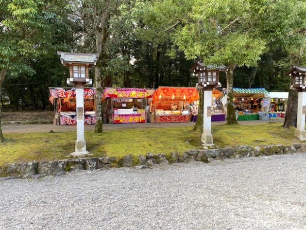 第二鳥居前の橋の手前が定位置の「大行列が出来るたこ焼き屋」も今年はなし。
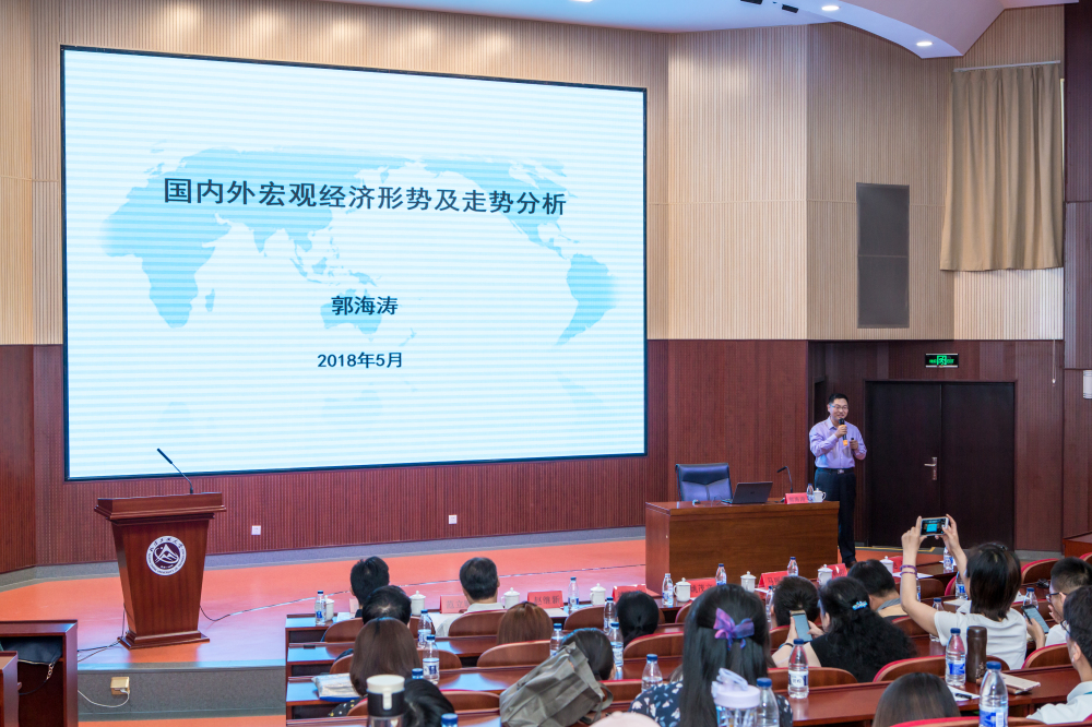 5月22日,pa电子官方网站2018年“毓秀青年”中国特色社会主义理论培训班在文化会堂开班,此次邀请中国石油大学工商管理学院郭海涛院长作了题为《国内外宏观经济形势及走势分析》的专题辅导报告,pa电子官方网站“毓秀青年”中国特色社会主义理论培训班教师及部分党支部学生党员参加了这次学习。
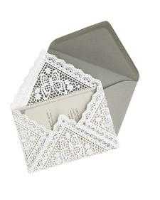 Еще один вариант – применение кружева в оформлении. Приклеить только на уголок или покрыть максимум поверхности конверта – зависит от вашей фантазии.
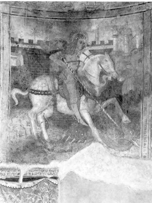 Personaggi: San Giorgio. Attributi: (San Giorgio) cavallo; drago
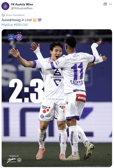최송아기자 구독 구독중 이전 다음 이미지 확대 승리 결과 알리는 구단 소셜 미디어 피드에 등장한 이태석 [아우스트리아 빈 엑스(X) 캡처. 재판매 및 DB 금지] (서울=연합뉴스) 최송아 기자 = 최근 국가대표 평가전에서 A매치 통산 첫 골을 터뜨린 측면 수비수 이태석(아우스트리아 빈)이 소속…

> _EXERCISE_: Omit the pictures and set down the records exactly.

> _SOLUTION TO THE PROBLEM_:
 第二鳥居前の橋の手前が定位置の「大行列が出来るたこ焼き屋」も今年はなし。
 5月22日,pa电子官方网站2018年“毓秀青年”中国特色社会主义理论培训班在文化会堂开班,此次邀请中国石油大学工商管理学院郭海涛院长作了题为《国内外宏观经济形势及走势分析》的专题辅导报告,pa电子官方网站“毓秀青年”中国特色社会主义理论培训班教师及部分党支部学生党员参加了这次学习。
 Еще один вариант – применение кружева в оформлении. Приклеить только на уголок или покрыть максимум поверхности конверта – зависит от вашей фантазии.
 Personaggi: San Giorgio. Attributi: (San Giorgio) cavallo; drago
최송아기자 구독 구독중 이전 다음 이미지 확대 승리 결과 알리는 구단 소셜 미디어 피드에 등장한 이태석 [아우스트리아 빈 엑스(X) 캡처. 재판매 및 DB 금지] (서울=연합뉴스) 최송아 기자 = 최근 국가대표 평가전에서 A매치 통산 첫 골을 터뜨린 측면 수비수 이태석(아우스트리아 빈)이 소속…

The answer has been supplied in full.